Seorang wanita berkata bahwa tidak masalah mengagumi sepotong pakaian, tetapi bukan bagian dari tubuh. Pikiran lain lebih baik untuk lebih berhati-hati dan hanya mengatakan bahwa warna atau gaya "cocok untuk Anda". Orang lain mengatakan bahwa ini mungkin terlalu jauh, terutama jika bos memberi selamat kepada bawahan.

Pada akhirnya saya membuat sumpah pribadi untuk tidak pernah mengatakan apa pun tentang siapa pun.

BACA: Sukses dalam karier Anda, tentukan diri Anda, beli BTO. Apakah impian Singapura ini sudah usang? Satu komentar

ROMA KANTOR

Jika sebuah lemari pakaian dapat menghasilkan begitu banyak kontroversi, maka tidak mengherankan bahwa percintaan di kantor berada pada level yang sama sekali berbeda.

Saya tidak tahu siapa pun yang bekerja di perusahaan dengan "kontrak cinta" yang mengharuskan karyawan memberi tahu atasan bahwa mereka berada dalam hubungan suka sama suka.

Saya harap dia tidak pernah melakukannya. Ini tidak lebih berat daripada perisai belakang yang sah. Ia juga ditakdirkan untuk gagal.

Saya kenal banyak pasangan menikah yang bertemu di tempat kerja. Mereka semua menjaga privasi, atau mencoba melakukannya, sampai mereka yakin hubungan mereka akan bertahan lama. Saya tidak bisa membayangkan ada di antara mereka yang rela mengaku sebagai manajer terlebih dahulu.

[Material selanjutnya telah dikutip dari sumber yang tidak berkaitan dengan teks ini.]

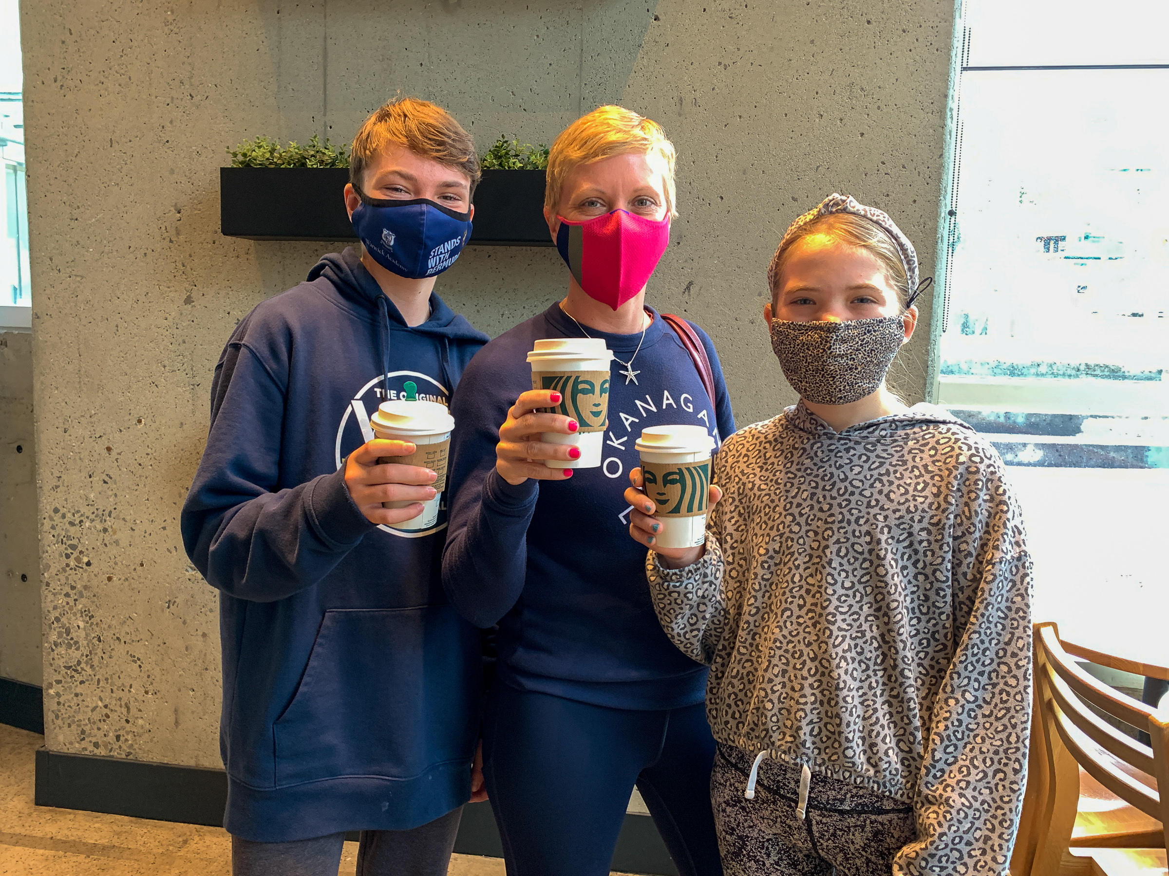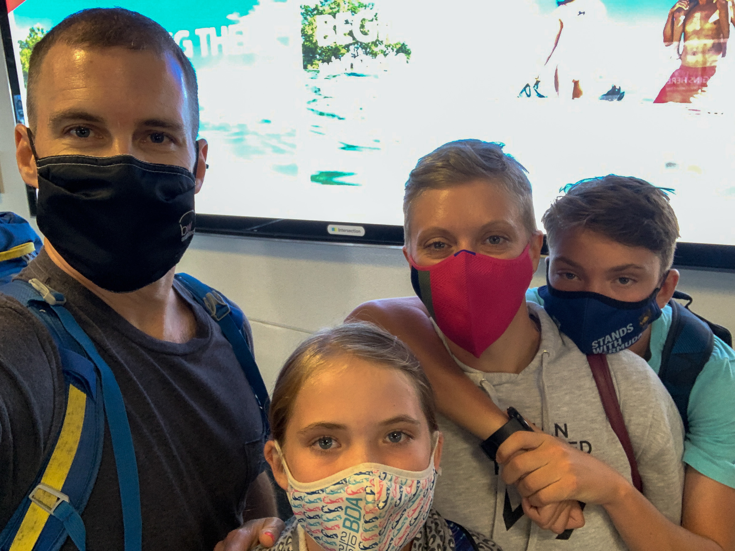 We had a bit of a rocky start – Jenn had a solo flight credit to use up from a previous Covid cancellation (again many hours on the phone with various airlines, etc), she therefore had to book seperately from the kids and I. You can see where this is going – ultimately we should have been on the same Friday flight out of Bermuda but something got messed up and Jenn ended up being booked for the day after the kids and I! It ultimately worked out, however, as she managed to get on a different flight the same day as the rest of us, though it was via a different city. We were able to meet up en route in Charlotte and all flew together the rest of the way via Toronto, overnighting and arriving in Kelowna Saturday afternoon. Whew!
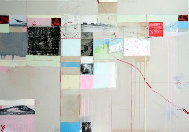 I’ve been building up a body of work of several pieces on grey wood and canvas in the past couple of months. Ambiguous imagery implies adventure and desolation playing around with the paint and lines.
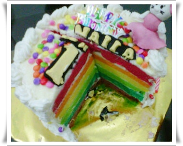 Rainbow cake ultah pada tanggal Agustus 23, 2012 Dapatkan link Facebook X Pinterest Email Aplikasi Lainnya Order rainbow cake bentuk bulat dari Mbak Sukma di Sidoarjo dan Retno teman dari Jakarta untuk ultah Ibu mertua di Surabaya. Order dari Mbak Sukma Ini setelah dipotong :) Order dari Retno Komentar
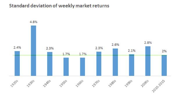 The second concern is that equities have become more volatile, and that this is indicative of instability that will inevitably lead to a collapse. A study by Morgan Housel (here) instead shows that daily, weekly, monthly and annual volatility over the past 6 years is in line with historical norms. Weekly volatility is actually at a 4 decade low.
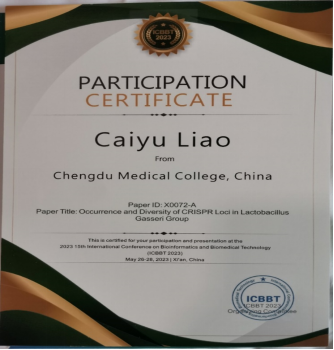 2022级公共卫生专业硕士研究生廖彩羽在第十五届生物信息学和生物医学技术国际会议(2023 15th International Conference on Bioinformatics and Biomedical Technology)大会上做题为“Occurrence and diversity of CRISPR loci in Lactobacillus gasseri group”的全英文口头报告,与参会专家学者在格氏乳杆菌中CRISPR-Cas系统的直接重复序列RNA二级结构预测及其最小自由能等方面进行了交流和探讨。报告得到了参会专家学者的普遍认可和关注。据悉,这是公司首位研究生在国际会议上采用全英文口头报告。
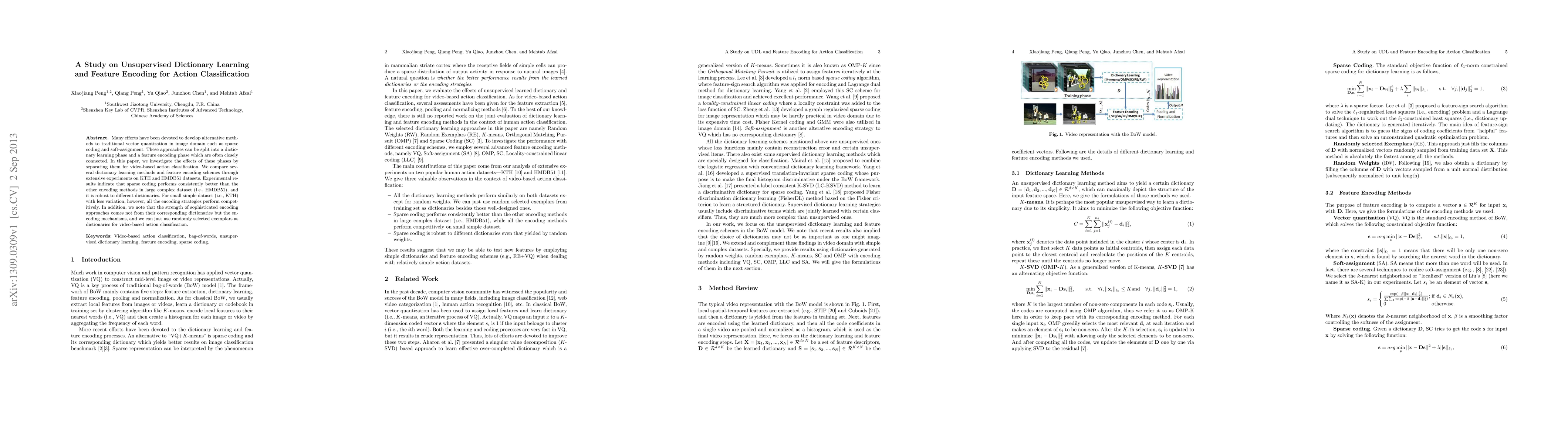 A study compares dictionary learning methods and feature encoding schemes for video-based action classification, finding that sparse coding outperforms others in large datasets, while simpler approaches perform competitively in smaller datasets.
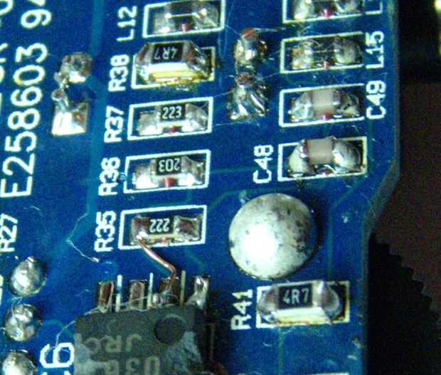 Nota: En el ejemplo se puede ver cada uno de la resistencia de 47 ohm substituida por un par apilado de resistencias de 4,7 ohmios en paralelo. Fue todo que podía gestionar en el momento porque no tenía resistencias de 2,2 ohm poner alrededor.
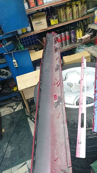 想辦法幫它固定燒焊上去.再把變型的飾板校正一番.後送烤漆改天過來安裝.

Dengan mengatakan itu, saya punya teman yang firmanya telah memperkenalkan kebijakan yang mengatakan Anda tidak diizinkan untuk meminta seorang rekan untuk bertemu lebih dari dua kali dalam waktu 12 bulan. Ini sepertinya masuk akal. Seharusnya tidak ada yang terganggu di tempat kerja dan ini sepertinya cara yang masuk akal untuk menghentikannya.

Pada akhirnya, mencoba mengatur romansa kantor tidak ada gunanya. Sulit membayangkan bahwa mereka akan berakhir dan, dalam hal apa pun, mereka dapat mengimpor semakin sedikit.

NIKMATI SAAT INI TERAKHIR

Pada 1990-an, sekitar 20 persen pasangan Amerika bertemu di kantor atau melalui rekan kerja, menurut penelitian yang telah lama dilakukan oleh sosiolog Universitas Stanford Michael Rosenfeld. Pada 2017, saat kencan online meroket, proporsi itu hampir berkurang separuh.

Internet mengalahkan semua jenis tempat berburu romantis tradisional. Universitas Perguruan Tinggi Keluarga Tetangga

Kantornya tidak berbeda. Mungkin kita harus menikmatinya selama itu berlangsung.

Be the first to comment

Leave a Reply

Your email address will not be published.